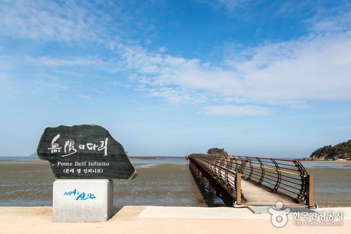 무한의 다리는 자은도 둔장해변 앞에 놓인 보행교로, 구리도와 고도, 할미도를 차례로 연결한다. 총 길이 1,004m에 폭 2m이다. 무한대(∞)를 내포하는 8월 8일 ‘섬의 날’을 기념하고, 신안의 지속적인 발전을 희망한다는 의미를 담았다. 물이 빠질 때에는 세계 5대 갯벌에 속하는 서남해 갯벌과 다양한 생물들을 구경할 수 있고, 물이 들어올 때는 바다 위를 걷는 듯한 신비로운 기분도 느껴볼 수 있다.
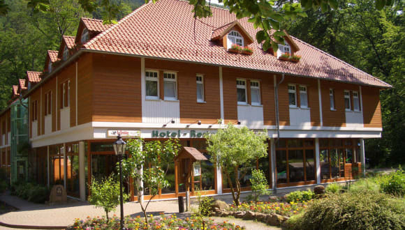 Lage/Umgebung: Das Hotel befindet sich in einem der schönsten Täler des Harzes, dem wildromantischen Ilsetal. Schon Heinrich Heine ließ sich von dem Tal inspirieren und verzaubern. Ein wunderschönes ursprüngliches Naturparadies erwartet Sie mit unzähligen Wanderwegen direkt ab dem Hotel, so u.a. zu den Ilsewasserfällen und weiter zum sagenumwobenen Brocken, zur Eckertalsperre oder zum „Grünen Band“ (ehemaliger Harzer Grenzweg). Eine absolut ruhige Lage des Hotels (kein Durchgangsverkehr!) in einem Bestand alter Buchen direkt am Nationalpark Harz ist garantiert. Das sehr schöne 1000jährige Fachwerkstädtchen Ilsenburg mit seiner ebenso alten Benediktiner-Klosteranlage lädt zum Bummeln und Verweilen ein.
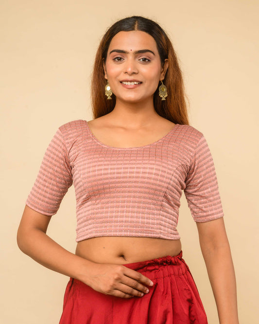 Vaaya Peach Glitter Dobby Jacquard Stretchable Saree Blouse Advi
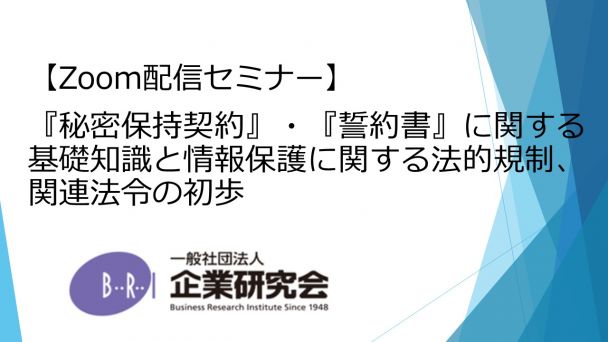【開催にあたって】 昨今、情報の財産的価値が高まるとともに、従業員や取引先による漏えいや不正使用の事例が多く見られます。 関係する主な法律の概要、秘密保持契約書の内容、従業員からの誓約書は取得時期などについて実務的な観点からお話いたします。

————————

EXERCISE REQUIREMENTS.
These lines alone form the answer: the one containing "Vaaya Peach Glitter" and every line after it through the end of the material, exactly as written, pictures left out.

ANSWER.
 Vaaya Peach Glitter Dobby Jacquard Stretchable Saree Blouse Advi
【開催にあたって】 昨今、情報の財産的価値が高まるとともに、従業員や取引先による漏えいや不正使用の事例が多く見られます。 関係する主な法律の概要、秘密保持契約書の内容、従業員からの誓約書は取得時期などについて実務的な観点からお話いたします。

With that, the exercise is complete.